WORK TO COMPLETE → In the listing below, print exactly the lines between the line holding "1b/30 Body Wave" and the line holding "因为孩子还小,所以儿童房内并", inclusive, and no more.

DATA FOR THE TASK →

- Opening Delimiter -

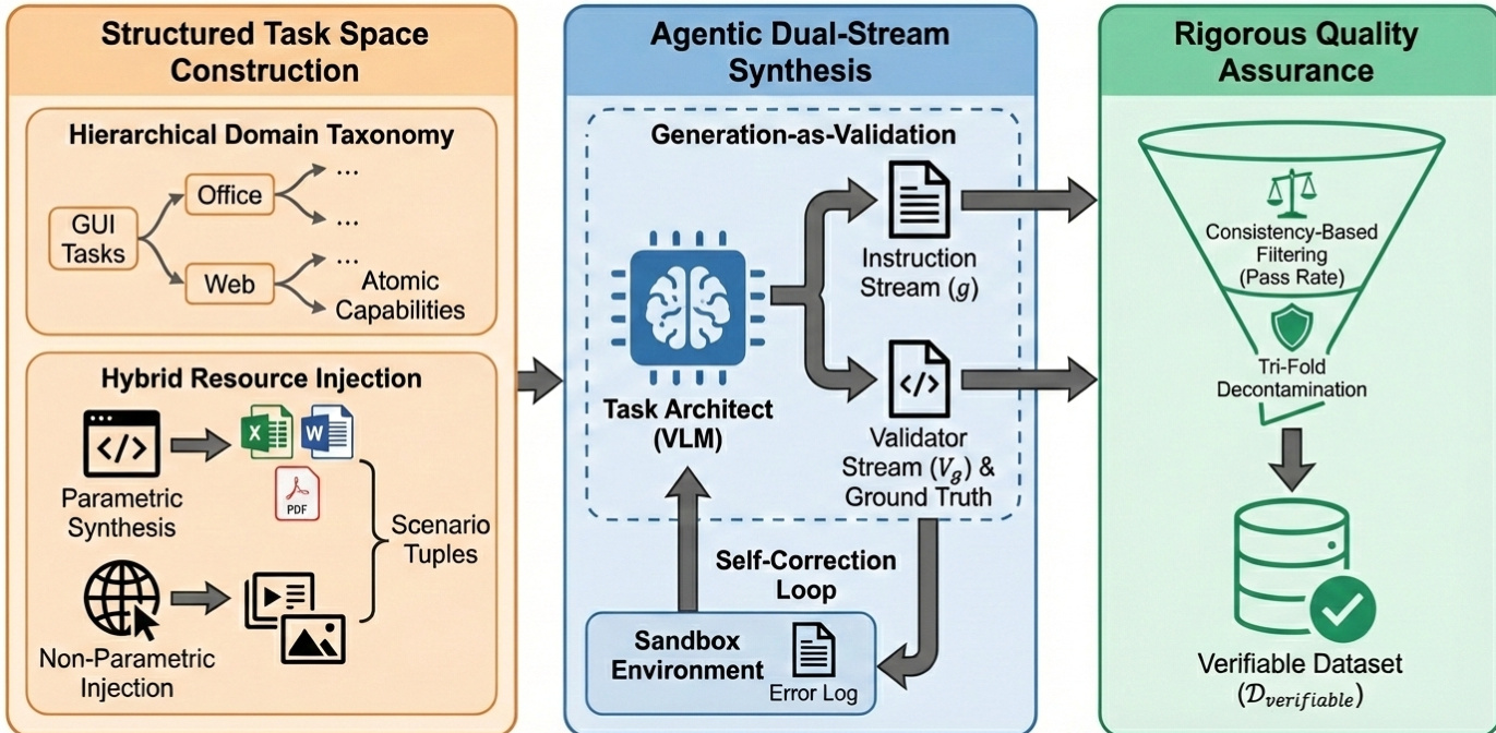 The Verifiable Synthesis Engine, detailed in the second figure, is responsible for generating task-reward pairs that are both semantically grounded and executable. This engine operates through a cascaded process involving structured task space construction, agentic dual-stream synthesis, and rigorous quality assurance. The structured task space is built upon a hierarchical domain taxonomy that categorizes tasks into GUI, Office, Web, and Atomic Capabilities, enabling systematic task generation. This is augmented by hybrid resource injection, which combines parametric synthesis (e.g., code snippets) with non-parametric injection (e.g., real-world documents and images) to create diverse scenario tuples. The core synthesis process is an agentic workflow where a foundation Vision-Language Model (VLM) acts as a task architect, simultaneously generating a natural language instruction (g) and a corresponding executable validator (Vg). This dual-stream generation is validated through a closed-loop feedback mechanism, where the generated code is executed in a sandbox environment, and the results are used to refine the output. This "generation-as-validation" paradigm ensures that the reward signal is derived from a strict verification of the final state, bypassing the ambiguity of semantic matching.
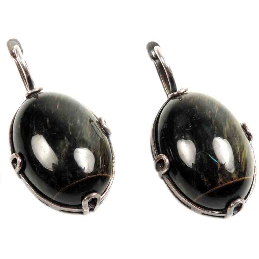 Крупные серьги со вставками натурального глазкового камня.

- Closing Delimiter -
- Opening Delimiter -

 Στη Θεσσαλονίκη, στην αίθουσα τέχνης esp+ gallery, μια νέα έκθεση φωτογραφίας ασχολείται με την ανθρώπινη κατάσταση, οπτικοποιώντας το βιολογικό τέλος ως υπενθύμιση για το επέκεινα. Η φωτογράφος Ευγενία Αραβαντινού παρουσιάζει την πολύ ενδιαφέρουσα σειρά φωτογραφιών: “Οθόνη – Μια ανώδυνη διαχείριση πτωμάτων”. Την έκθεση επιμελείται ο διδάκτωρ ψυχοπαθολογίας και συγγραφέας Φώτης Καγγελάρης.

- Closing Delimiter -
- Opening Delimiter -

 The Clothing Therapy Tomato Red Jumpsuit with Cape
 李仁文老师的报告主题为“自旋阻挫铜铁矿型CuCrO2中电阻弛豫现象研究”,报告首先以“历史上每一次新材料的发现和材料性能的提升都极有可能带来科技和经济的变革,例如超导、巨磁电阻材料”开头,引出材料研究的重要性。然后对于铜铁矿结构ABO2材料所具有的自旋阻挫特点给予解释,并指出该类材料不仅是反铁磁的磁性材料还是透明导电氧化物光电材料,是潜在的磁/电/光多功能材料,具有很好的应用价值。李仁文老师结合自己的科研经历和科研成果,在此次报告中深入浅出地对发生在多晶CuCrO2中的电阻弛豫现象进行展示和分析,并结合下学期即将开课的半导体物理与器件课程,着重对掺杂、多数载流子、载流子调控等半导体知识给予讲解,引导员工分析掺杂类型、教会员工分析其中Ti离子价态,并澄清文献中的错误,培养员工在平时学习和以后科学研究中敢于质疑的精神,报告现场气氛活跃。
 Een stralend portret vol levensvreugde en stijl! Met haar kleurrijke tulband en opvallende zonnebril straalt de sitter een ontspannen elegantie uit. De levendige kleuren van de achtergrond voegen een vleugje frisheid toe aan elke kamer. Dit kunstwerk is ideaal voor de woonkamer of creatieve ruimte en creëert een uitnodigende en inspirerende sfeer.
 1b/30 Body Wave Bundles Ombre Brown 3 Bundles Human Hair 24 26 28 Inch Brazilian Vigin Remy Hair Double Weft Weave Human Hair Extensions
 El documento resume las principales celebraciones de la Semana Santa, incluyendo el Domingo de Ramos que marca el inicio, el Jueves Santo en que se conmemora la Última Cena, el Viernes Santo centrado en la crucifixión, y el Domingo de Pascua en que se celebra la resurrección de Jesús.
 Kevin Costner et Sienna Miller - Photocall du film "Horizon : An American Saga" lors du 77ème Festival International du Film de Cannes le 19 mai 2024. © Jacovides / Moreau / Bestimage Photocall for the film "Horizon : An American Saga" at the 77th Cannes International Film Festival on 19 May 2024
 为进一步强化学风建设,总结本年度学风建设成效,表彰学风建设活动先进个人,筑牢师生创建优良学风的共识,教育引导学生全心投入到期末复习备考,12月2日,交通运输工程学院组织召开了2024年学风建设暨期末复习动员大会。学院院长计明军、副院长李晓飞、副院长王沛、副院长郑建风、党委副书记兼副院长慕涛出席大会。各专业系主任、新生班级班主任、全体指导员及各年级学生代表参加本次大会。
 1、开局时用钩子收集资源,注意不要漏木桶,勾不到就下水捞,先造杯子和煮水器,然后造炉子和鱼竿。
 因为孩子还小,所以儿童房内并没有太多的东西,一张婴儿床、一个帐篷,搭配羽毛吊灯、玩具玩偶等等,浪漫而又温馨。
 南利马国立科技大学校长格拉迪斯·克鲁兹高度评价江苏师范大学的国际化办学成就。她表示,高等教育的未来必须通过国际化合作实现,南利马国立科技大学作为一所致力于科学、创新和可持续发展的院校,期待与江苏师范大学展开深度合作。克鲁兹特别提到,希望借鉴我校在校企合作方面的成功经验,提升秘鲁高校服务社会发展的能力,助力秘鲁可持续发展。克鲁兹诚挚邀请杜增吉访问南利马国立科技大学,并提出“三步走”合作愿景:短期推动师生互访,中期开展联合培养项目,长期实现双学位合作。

- Closing Delimiter -

ANSWER AREA →
 1b/30 Body Wave Bundles Ombre Brown 3 Bundles Human Hair 24 26 28 Inch Brazilian Vigin Remy Hair Double Weft Weave Human Hair Extensions
 El documento resume las principales celebraciones de la Semana Santa, incluyendo el Domingo de Ramos que marca el inicio, el Jueves Santo en que se conmemora la Última Cena, el Viernes Santo centrado en la crucifixión, y el Domingo de Pascua en que se celebra la resurrección de Jesús.
 Kevin Costner et Sienna Miller - Photocall du film "Horizon : An American Saga" lors du 77ème Festival International du Film de Cannes le 19 mai 2024. © Jacovides / Moreau / Bestimage Photocall for the film "Horizon : An American Saga" at the 77th Cannes International Film Festival on 19 May 2024
 为进一步强化学风建设,总结本年度学风建设成效,表彰学风建设活动先进个人,筑牢师生创建优良学风的共识,教育引导学生全心投入到期末复习备考,12月2日,交通运输工程学院组织召开了2024年学风建设暨期末复习动员大会。学院院长计明军、副院长李晓飞、副院长王沛、副院长郑建风、党委副书记兼副院长慕涛出席大会。各专业系主任、新生班级班主任、全体指导员及各年级学生代表参加本次大会。
 1、开局时用钩子收集资源,注意不要漏木桶,勾不到就下水捞,先造杯子和煮水器,然后造炉子和鱼竿。
 因为孩子还小,所以儿童房内并没有太多的东西,一张婴儿床、一个帐篷,搭配羽毛吊灯、玩具玩偶等等,浪漫而又温馨。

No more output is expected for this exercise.